The medical field (and CNA training) is in a constant state of learning, growing, and reaching for new truths. This is one of the reasons so many are drawn to this industry. Unlike other careers, which may be high stress without the ability to discover new things, the medical field is very different. Every rung of the medical ladder, from the certified nursing assistants on up to the heart surgeon and specialized medical staff members are ideally doing all they can to improve the quality of life and provide optimum recovery or rehabilitation for their patients.
So, what’s the latest discovery in patient care? Well, advancements are being made on almost a daily basis, but one new therapeutic tool which is not only interesting but can be used by every member of the medical staff, is music therapy.

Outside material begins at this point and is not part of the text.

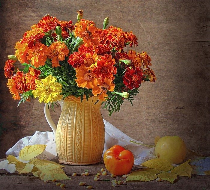 Теги: бархатцы, кошки в цветах, кошка, лето, бабочки, цветы.
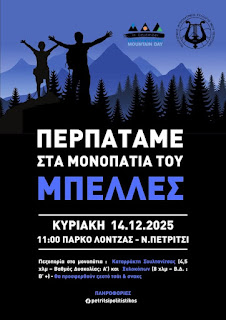 ▪️Στο πνεύμα αυτής της ημέρας, ο Πολιτιστικός Φυσιολατρικός Σύλλογος Νέου Πετριτσίου διοργανώνει μια ιδιαίτερη πεζοπορική εκδήλωση την Κυριακή 14 Δεκεμβρίου 2025, στα μαγευτικά μονοπάτια του βουνού Μπέλλες.

Music Therapy and CNA Training
Now, it may be a few years until music therapy is actually taught in CNA training, but it is a hot and growing trend among caregivers. When Congresswoman Gifford, from Arizona, suffered a gunshot wound to the head in early 2011, which left her with a traumatic brain injury, music therapy played a major role in her treatment plan, and is reported to have greatly accelerated her progress. In fact, her recovery, which has received much news coverage, is being touted by many medical experts as being absolutely remarkable in nature.
Not only is the use of music therapy being reported as a contributing factor in her overall recovery, but specialists are saying that the recovery of much of her speech and motor skills are a direct result of songs, which actually help create new speech pathways in the brain that repair damaged areas.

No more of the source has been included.